SI RIPARTE Neppure il tempo di smaltire le scorie della trasferta di Le Castellet, che la Formula 1 torna in pista per il nono appuntamento della stagione. A ospitare i bolidi della massima serie automobilistica c’è infatti il Red Bull Ring di Spielberg, sede del Gran Premio d’Austria, una pista che dovrebbe in qualche modo riportare in alto la Ferrari. La scuderia di Maranello ha fino a questo momento sofferto nei tracciati da alto carico aerodinamico, ma il cortissimo circuito della Stiria – attenzione però al terzo settore composto principalmente da curvoni veloci in successione – dovrebbe esaltare le doti della SF90 mettendo Sebastian Vettel e Charles Leclerc in condizione di lottare con le Mercedes.
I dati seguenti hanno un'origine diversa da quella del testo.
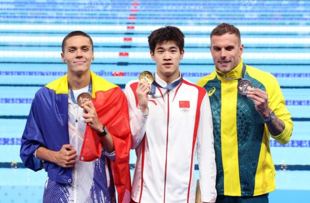 ↑中国冠军选手潘展乐(中国)、在颁奖典礼上,亚军澳大利亚选手查默斯(左)和季军罗马尼亚选手波波维奇。新华社记者 雒圆 摄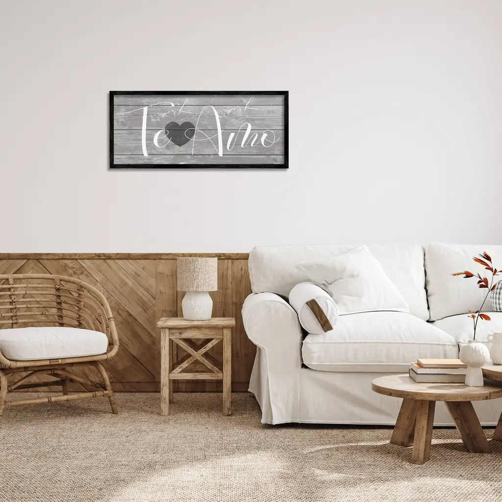 Add dimension to any room with our textured Framed Giclee Artwork. Our framed artwork is securely mounted into a 1.5-inch thick wood grain frame and ready to hang. Frames are available in three alluring styles: black, gray farmhouse and white. In addition, you should check out our oversized options if you want a statement piece. Stupell Wall Art is made in the USA.Features: Dimensions: 24 x 1.5 x 10 FramedFramed Giclee Product Sizes include 24"x10" and 30"x13". All Framed Giclee products have a 1.5" Depth.Wall Art is Ready to Hang with Hardware Free Hanging. No installation required. For Easy Set Up Lean or Layer Artwork on Shelf or Against Wall.Our giclée prints are carefully mounted on a durable MDF backing, and then perfectly finished in a 1.5 inch thick woodgrain frame. Mounted frame colors include black, gray farmhouse and white. Made In USA.Artwork Relates To: Phrase, Rustic, Love, Country, Te Amo, World Cultures, FarmhouseDesign by Daphne Polselli
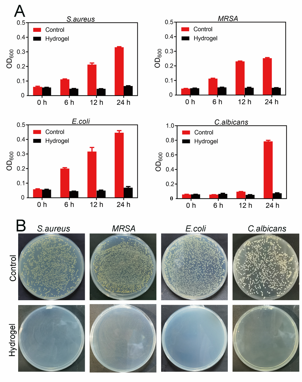 图3. J-1-ADP水凝胶对金黄色葡萄球菌、MRSA、大肠杆菌和白色念珠菌的增殖及菌落形成的影响。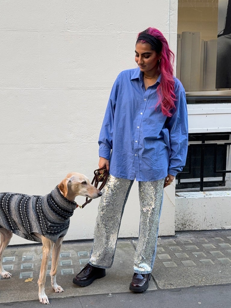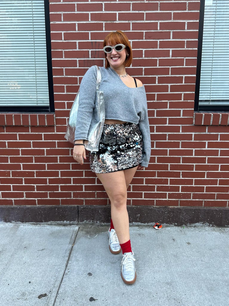 I was eager to style my favourite large-sequin mini skirt for the day, pairing it with an oversized grey sweater and metallic trainers to complement the silver embellishments. I also threw on a metallic tote bag and added a pair of bright red socks for a pop of colour that felt festive. I wore this out for flea market shopping, and felt comfortable (and not too dressed up).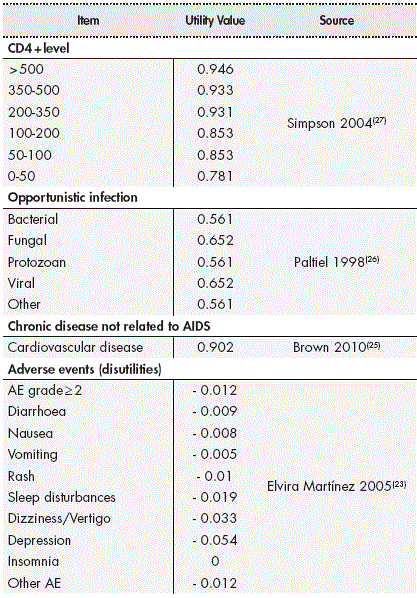 The efficacy of treatment alternatives was measured as life years gained (LYG) and quality-adjusted life years (QALYs) by applying the corresponding utilities associated with CD4+ level, having an opportunistic infection and its sequelae, having an adverse event and those associated with chronic diseases not related to AIDS. These utilities shown in Table 2 were obtained from the literature7,21-24.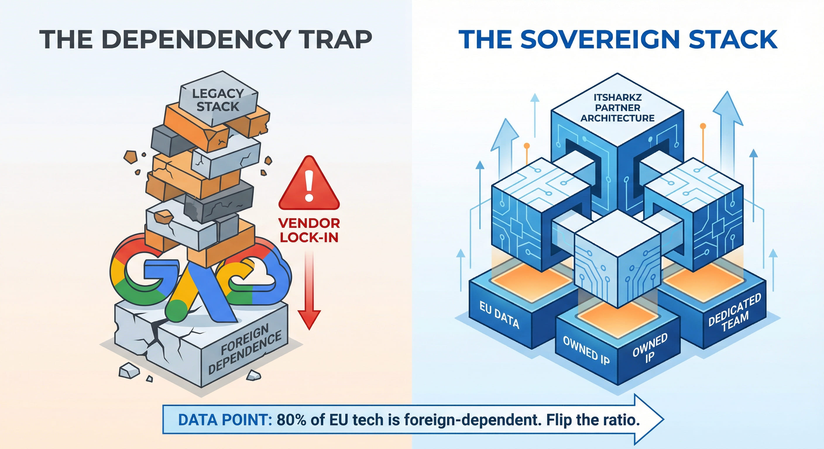 Currently, Europe relies on non-EU countries for over 80% of its digital infrastructure. For a scale-up, this is a massive strategic vulnerability. Unlike physical goods, digital services are ongoing relationships. If a provider in Silicon Valley changes their algorithm, pricing model, or access terms, your market access changes instantly, without negotiation.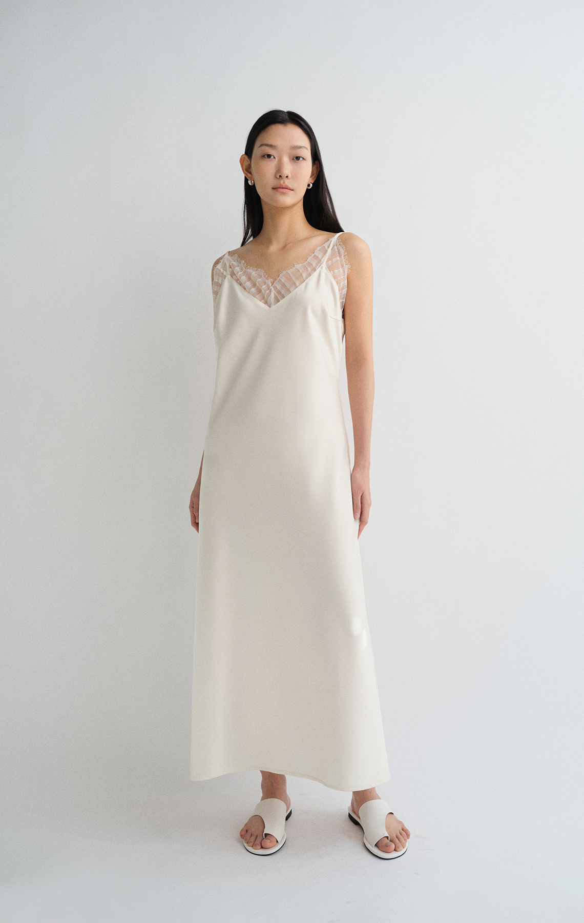 바이어스 결로 재단되어 유연하게 흐르는 실루엣에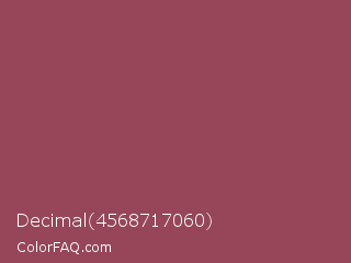 Decimal 4568717060 Color is a normal red color and the nearest color is Vin Rouge #983d61. Hex code #964658 and RGB value is rgb(150,70,88). In RGB color space, this color is composed of 59% red, 27% green, 35% blue, In CMYK color space, this color is composed of 0% cyan, 53% magenta, 41% yellow , 41% black , In HSL color space, this color has a hue angle of 347° , 36% saturation and 43% lightness.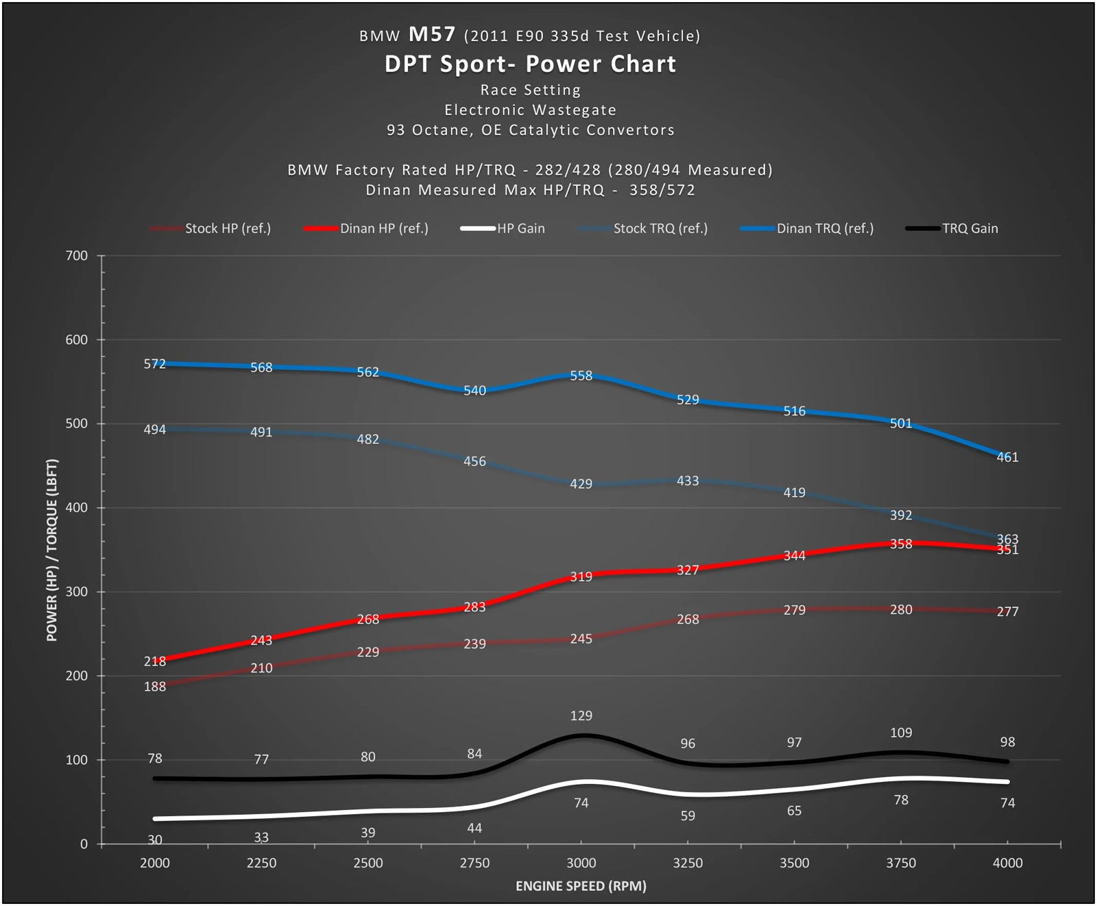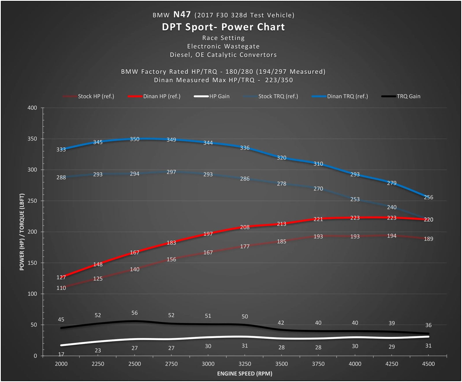 - DINANTRONICS Sport Maximum Gains (N47): Up to 30 HP, 50 lb-ft of torque.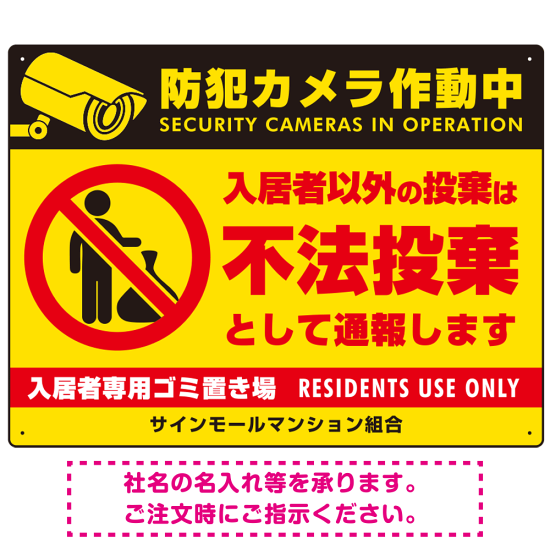 防犯カメラ・入居者以外 不法投棄デザイン オリジナル プレート看板 ゴミを置く人(黄) W600×H450 エコユニボード (SP-SMD578-60x45U)

PARLA SEB Il tedesco quattro volte campione del mondo è reduce da un weekend non particolarmente esaltante in Francia, ma sembra carico in vista di un appuntamento in cui non è ancora mai riuscito a imporsi: “Il Gran Premio d'Austria piace a tutti nel paddock e anche a noi piloti. Dopotutto questo tracciato è unico, incastonato tra le montagne sulle quali, con un po’ di fortuna, si può persino scorgere qualche residuo di neve. Essere lanciati al volante di una vettura di Formula 1 e vedere intorno a sé le mucche al pascolo non è certamente cosa frequente. Su questa pista bisogna fare tutto alla perfezione anche se è molto corta e si gira in poco più di un minuto. Anche qui è importante garantirsi una buona posizione di partenza per poter avere una gara positiva la domenica. Senza dubbio è una pista sulla quale mi piacerebbe vincere, sono salito già sul podio, ma mai sul gradino più alto. Vorrei provarci”.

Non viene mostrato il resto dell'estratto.